Скрипнула, отворяясь, дверь. Милица Артемовна оборванно замолкла, сделала мне глазами знак, означавший, что теперь я должен как бы забыть все, что она мне поведала, и держать себя так, как будто я ничего не слышал.

Но Александра Алексеевна поняла, о чем мы говорили.

– Вы про Наташеньку? – сказала она, появляясь из своей каморки. – Алеша этого еще не знает, я ему не рассказывала… Не надо все это ворошить, сегодня у нас праздник, давайте будем по-праздничному… Здравствуйте, Алеша, спасибо, что не пожалели времени, навестили нас, двух старух одиноких… А вы еще больше похудели с того раза, как я вас видела… Ну, ничего, мы вас сегодня немножко поправим… Давай, Милочка, сразу на стол собирать, гостей, как говорится, баснями не кормят.

Блеклые, в отечных, даже синеватых веках глаза Александры Алексеевны смотрели на меня с ласковостью. Она не улыбалась явственно, так улыбаться, верно, она уже не могла, улыбка просто угадывалась, чувствовалась в вей, выражалась тем оживлением, с каким она вышла из своей каморки и встречала меня. Я даже не ждал, что в ней найдется такая живость, что чувства ее, душа ее способны на такой подъем. Ее отечное лицо, бессильное тело, слабые движения – все свидетельствовало о том, что передо мной – тяжелобольной, конченый уже человек. Но, значит, все-таки в ней еще осталось кое-что не убитое, не до конца погасшее, еще теплящееся живым теплом…

Одета она была не буднично; те минуты, что понадобились ей собраться, Александра Алексеевна потратила на то, чтобы принарядить себя. На ней было темное платье с белой кружевной оторочкой на воротнике, вероятно, самое лучшее из тех, что у нее сохранились. А скорее всего оно было из старых запасов Милицы Артемовны, и теперь они его вдвоем переделали, расширили и надставили, чтобы оно могло подойти к фигуре Александры Алексеевны. И все это было для меня: ее принаряженность, белые кружева, подшитые к воротничку, живая, искренняя радость от моего прихода, хлопоты Милицы Артемовны, заспешившей в кухню и уже гремевшей там тарелками, вкусные запахи, что оттуда выплывали вместе с теплом жарко протопленной печки, которую они, конечно, не топят так в свои обычные дни, экономя дрова и уголь.

Я почувствовал стыд за свою неохоту идти сюда, за свои раздумья и колебания. Сейчас я понимал это уже вполне, не умом только, но всем собою: действительно, было бы жестоко не прийти, обмануть ожидания, настроенность, такие приготовления этих двух женщин. Очень может быть, к ним больше и прийти-то некому, никого нет у них во всем городе, кого могли бы они пригласить, вот так ждать, готовиться, ощущая это как в самом деле маленький, нужный им, отрадный в их существовании праздник, – с небудничным столом, какой они не станут собирать для себя одних, удовольствием накормить гостя, посидеть в тесном кругу с долгими разговорами, старыми воспоминаниями – как было когда-то в их домах, в их жизни в другие годы и дни…
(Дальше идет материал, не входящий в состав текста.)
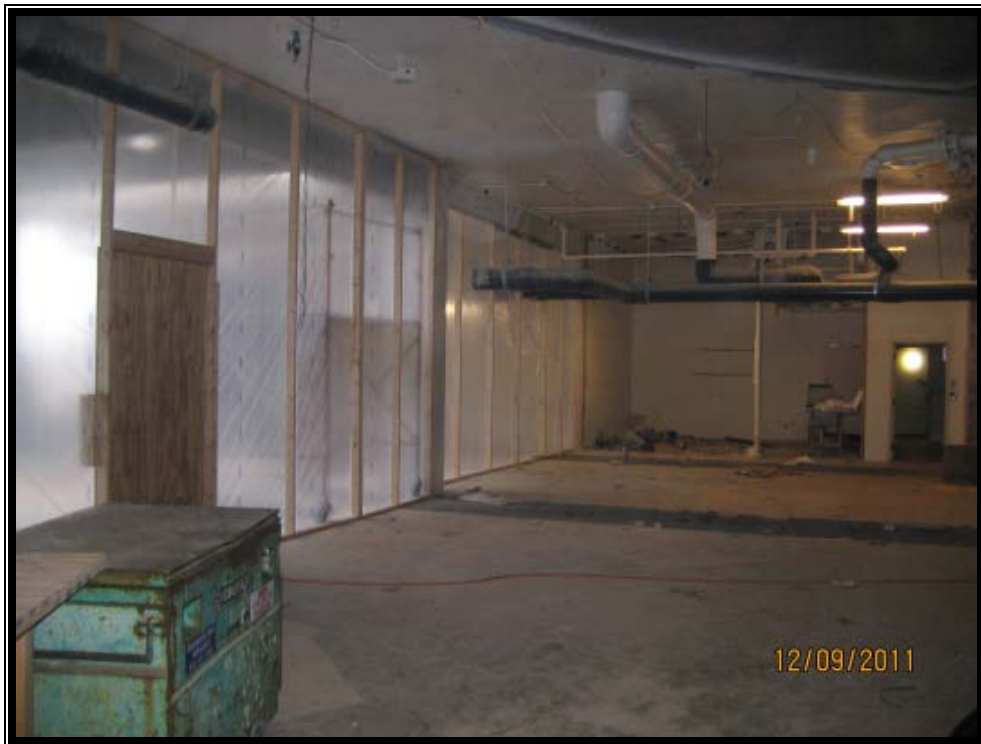
Temporary Heat Enclosure

На скатерти стола появились плоская резная деревянная хлебница с ровными ломтиками серого хлеба, глубокие фаянсовые тарелки, возле них – никелированные ложки, вилки, ножи. Даже салфетки положила рядом с тарелками Милица Артемовна, туго прокрахмаленные, отливающие снежной синевой.

– Пойдемте, Алешенька, я покажу, где сполоснуть руки.

Александра Алексеевна повела меня в прихожую, где я раздевался, из нее – в тесный закуток рядом с кухней. Там стоял умывальник с расколотым зеркалом, на крючке висело чистое полотенце с четкими складками недавнего глаженья.

Сопровождая меня, Александра Алексеевна переступала мелкими, слегка шаркающими шажками, в войлочных туфлях, опираясь рукою о стены на поворотах. Старые туфли не соответствовали ее платью, но, видно, больные ноги не позволяли надеть другую обувь.

Я помыл руки, бережно тратя воду, все время помня, что ее принесла сюда, может быть, сама Александра Алексеевна – на этих своих больных, опухших ногах.

Лишь только я отряхнул над раковиной руки, Александра Алексеевна сняла с крючка и подала мне полотенце. Она не ушла, стояла в дверном проеме, смотрела на меня. Лицо ее продолжало излучать мягкий свет, совсем материнскую ласковость. Я видел, в моем умывании было какое-то для нее напоминание, что-то из прежнего. Вот так, наверное, бывало в ее довоенном быту: приходил с работы муж, возвращалась дочь из института, а потом появился в семье и зять, наступал час обеда, семейного сбора за большим столом, мыли руки, Александра Алексеевна доставала чистое полотенце, и были тогда мир и уют и та особая покойная радость на сердце, которую испытывает мать и хозяйка семейства, когда все члены семьи, все ее питомцы живы, здоровы и все возле нее, под одной крышей…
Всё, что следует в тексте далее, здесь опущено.